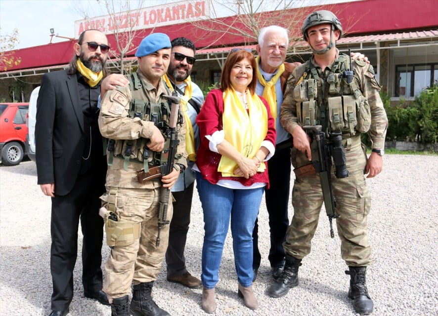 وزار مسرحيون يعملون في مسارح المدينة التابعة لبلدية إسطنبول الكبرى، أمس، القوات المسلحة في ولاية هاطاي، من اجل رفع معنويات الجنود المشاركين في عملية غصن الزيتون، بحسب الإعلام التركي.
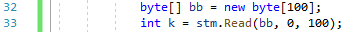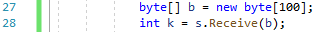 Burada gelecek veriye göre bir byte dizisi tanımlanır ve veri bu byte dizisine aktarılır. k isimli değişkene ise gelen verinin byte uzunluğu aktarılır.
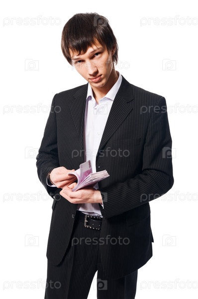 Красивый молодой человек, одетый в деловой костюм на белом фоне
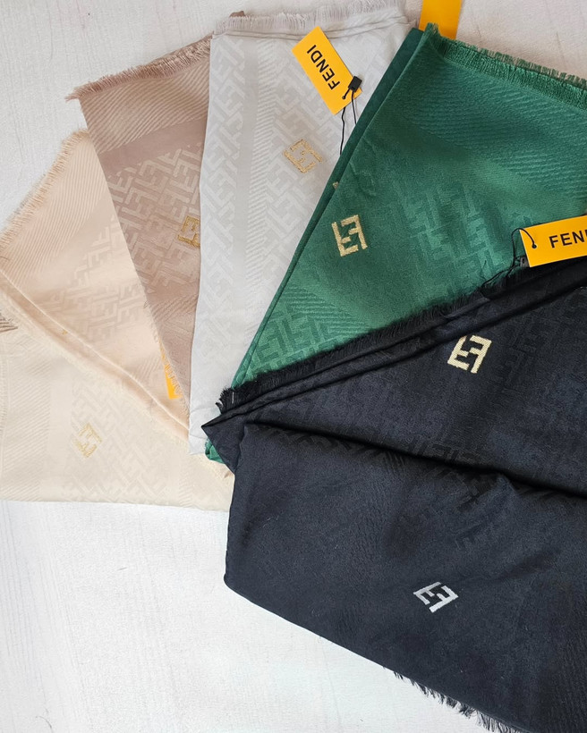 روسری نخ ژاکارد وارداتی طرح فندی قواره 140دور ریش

--- Directions ---
Excluding all images, transcribe the material word for word.

--- Problem solution ---
 وزار مسرحيون يعملون في مسارح المدينة التابعة لبلدية إسطنبول الكبرى، أمس، القوات المسلحة في ولاية هاطاي، من اجل رفع معنويات الجنود المشاركين في عملية غصن الزيتون، بحسب الإعلام التركي.
 Burada gelecek veriye göre bir byte dizisi tanımlanır ve veri bu byte dizisine aktarılır. k isimli değişkene ise gelen verinin byte uzunluğu aktarılır.
 Красивый молодой человек, одетый в деловой костюм на белом фоне
 روسری نخ ژاکارد وارداتی طرح فندی قواره 140دور ریش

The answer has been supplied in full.